Protein-coding gene in humans

Cytochrome P450 4A11 is a protein that in humans is codified by the CYP4A11 gene.

== Family ==
This gene encodes a member of the cytochrome P450 superfamily of enzymes. The cytochrome P450 proteins are monooxygenases, catalyzing many reactions involved in drug metabolism as well as the synthesis of cholesterol, steroids, and other lipids.
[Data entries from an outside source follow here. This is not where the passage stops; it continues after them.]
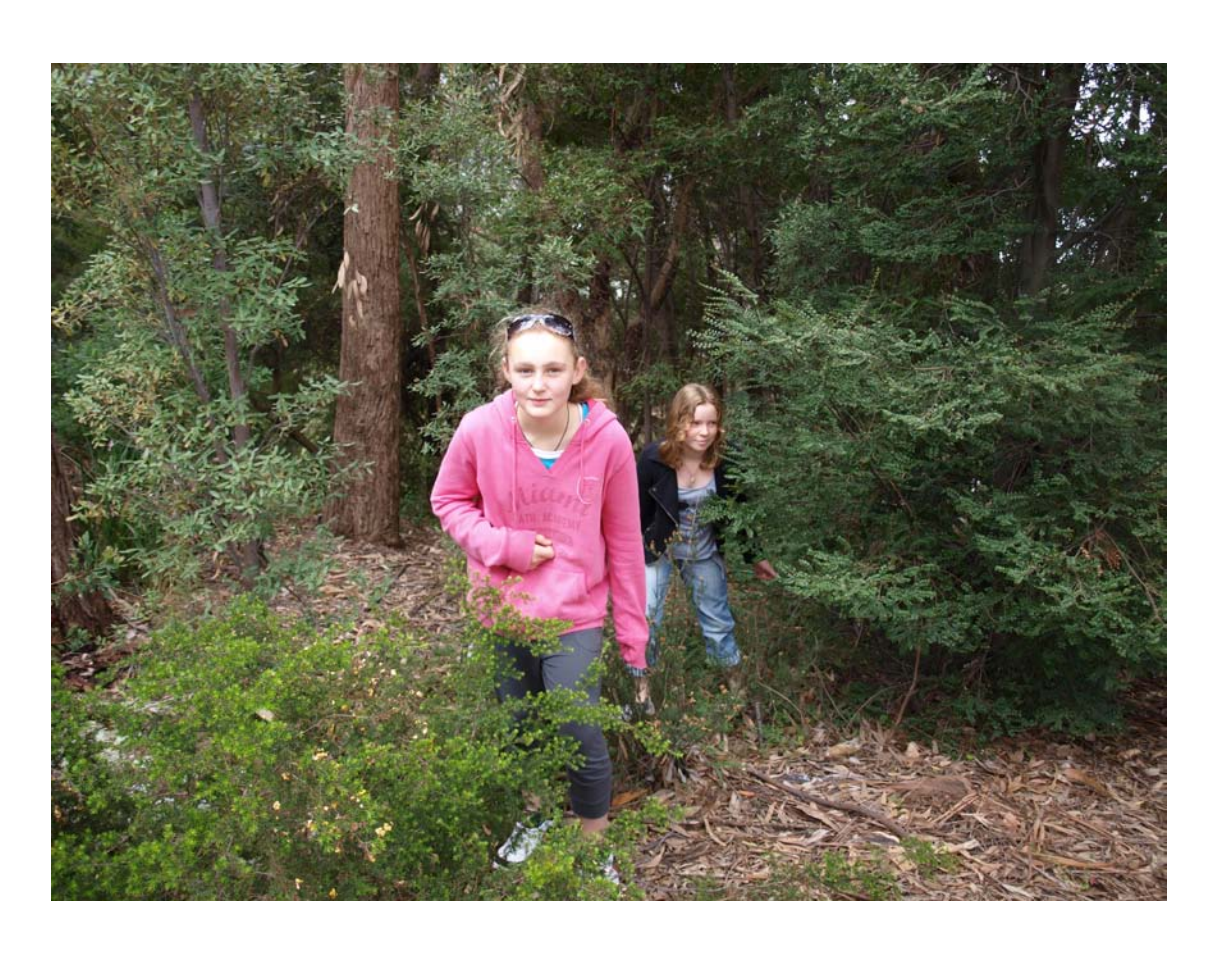
Adventures in the Botanical Gardens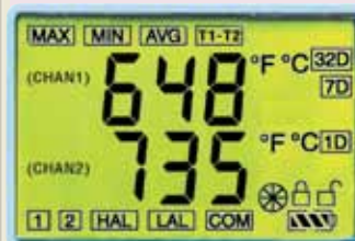
CTXL-DTC–Dual Thermocouple Local Display

Serial PC Communications: RS232, 2-way, 9600 baud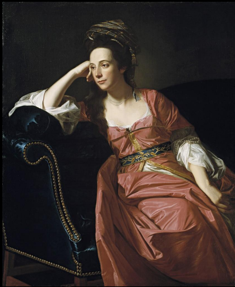
John Singleton Copley, Mrs. Thomas Gage (Margaret Kemble Gage) , 1771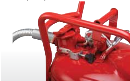
Type II D.O.T. Safety Can Two openings: top opening with lift lever for filling, and a second one with flexible metal hose attached for accurate, plug-free dispensing into smaller openings. Additional safety features include roll-bar construction and a fusible-link protected hold-down bracket for protection during over-the-road transport.

Type II D.O.T. Safety Cans are required by the Department of Transportation and OSHA for use in any commercial vehicle when transporting flammables on public roads and highways (some exceptions may apply).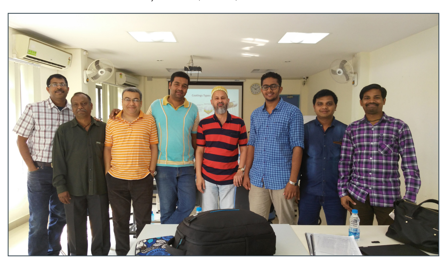
Group picture at Blastline Institute of Surface Preparation, Kochi

Field visit was conducted at The Jolly Industries, Avanoor, Trissur.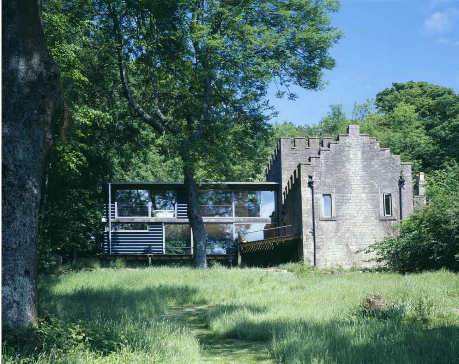
Invisible Studio Moonshine - Architect's self build home and studio in West Country woodland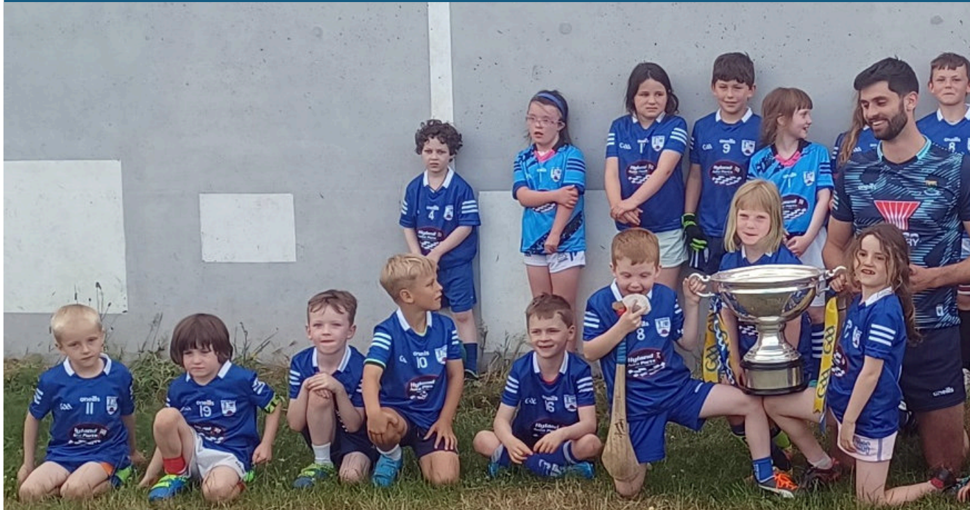
U9's & U7's footballers and hurlers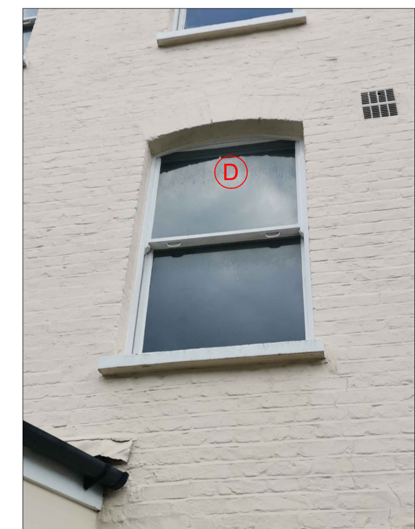
11 EXISTING FRONT ELEVATION 25 LOVERIDGE RD - PHOTO NOT TO SCALE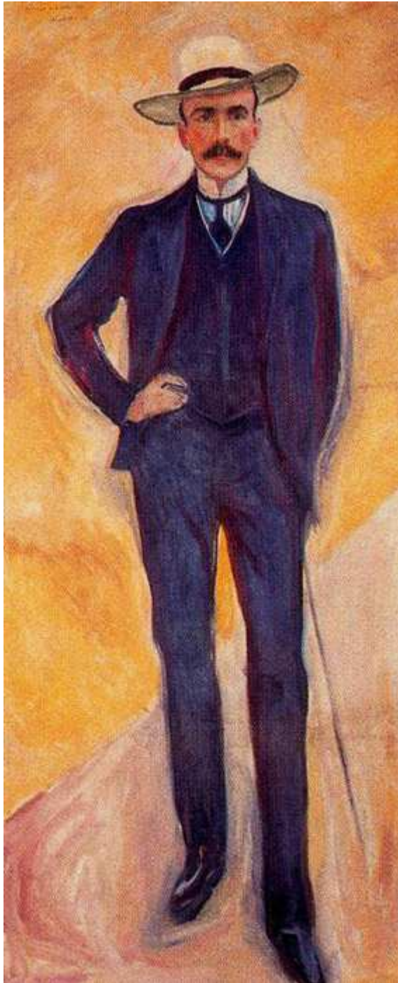
Figure 4 – Harry Graf Kessler by Edvard Munch, 1907

(Figure 4) 146 Along with his dapper appearance, he had the impeccable manners of a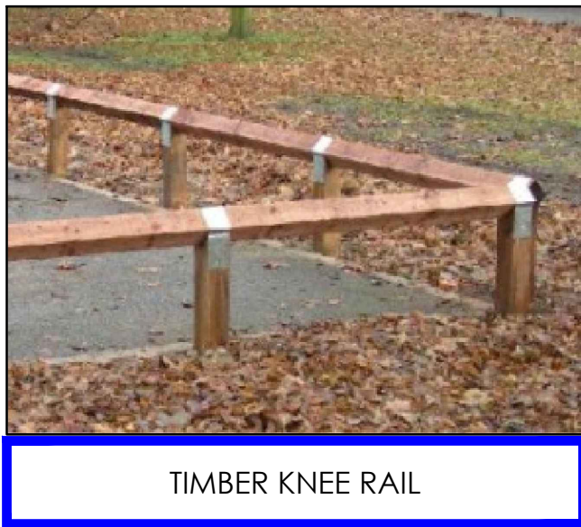
TIMBER KNEE RAIL

== Tissue and subcellular distribution ==
CYP4A11 is highly expressed in the liver and kidney. Its primary subcellular localization is in the endoplasmic reticulum, where it participates in the hydroxylation of medium-chain fatty acids such as laurate and myristate.

== Function ==
CYP4A11 plays a crucial role in metabolizing arachidonic acid into 20-Hydroxyeicosatetraenoic acid (20-HETE) via an Omega oxidation reaction. In humans, the predominant enzymes synthesizing 20-HETE are CYP4F2 and CYP4A11. 20-HETE regulates blood flow, vascularization, blood pressure, and renal ion absorption, particularly in rodents and potentially in humans.

In addition to its role in omega oxidation, CYP4A11 exhibits epoxygenase activity, converting docosahexaenoic acid to epoxydocosapentaenoic acids (EDPs) and eicosapentaenoic acid to epoxyeicosatetraenoic acids (EEQs). Notably, CYP4A11 does not convert arachidonic acid to epoxides, a function primarily performed by CYP2C and CYP2J subfamily members. EDPs and EEQs generally oppose the effects of 20-HETE, demonstrating potent actions in lowering blood pressure, inhibiting thrombosis and inflammation, and reducing cancer cell growth.

Omega-3-rich diets significantly elevate serum and tissue levels of EDPs and EEQs in both animals and humans, making these metabolites the most prominent polyunsaturated fatty acid derivatives resulting from such diets.

Members of the CYP4A and CYP4F subfamilies, along with CYP2U1, also ω-hydroxylate various fatty acid metabolites of arachidonic acid—including LTB4, 5-HETE, 5-oxo-eicosatetraenoic acid, 12-HETE, and several prostaglandins—thereby modulating inflammatory, vascular, and other biological responses.

== Clinical significance ==
Polymorphisms in CYP4A11 are associated with susceptibility to hypertension and cerebral infarction (ischemic stroke) in humans. The T8590C single nucleotide polymorphism (SNP), rs1126742, results in a CYP4A11 variant with significantly reduced enzymatic activity, likely due to a loss-of-function mutation. This variant may reduce the production of EEQs and EDPs, contributing to blood pressure dysregulation.
Dietary sesamin, a major lignan in sesame, inhibits CYP4A11, reducing 20-HETE synthesis and lowering its plasma and urinary levels. This inhibition has been demonstrated in both in vitro and human studies.
Furthermore, hydroxylation-induced inactivation by CYP4A and CYP4F enzymes is implicated in modulating inflammation, potentially explaining the links between CYP4F2 and CYP4F3 variants and human Crohn's disease and Coeliac disease.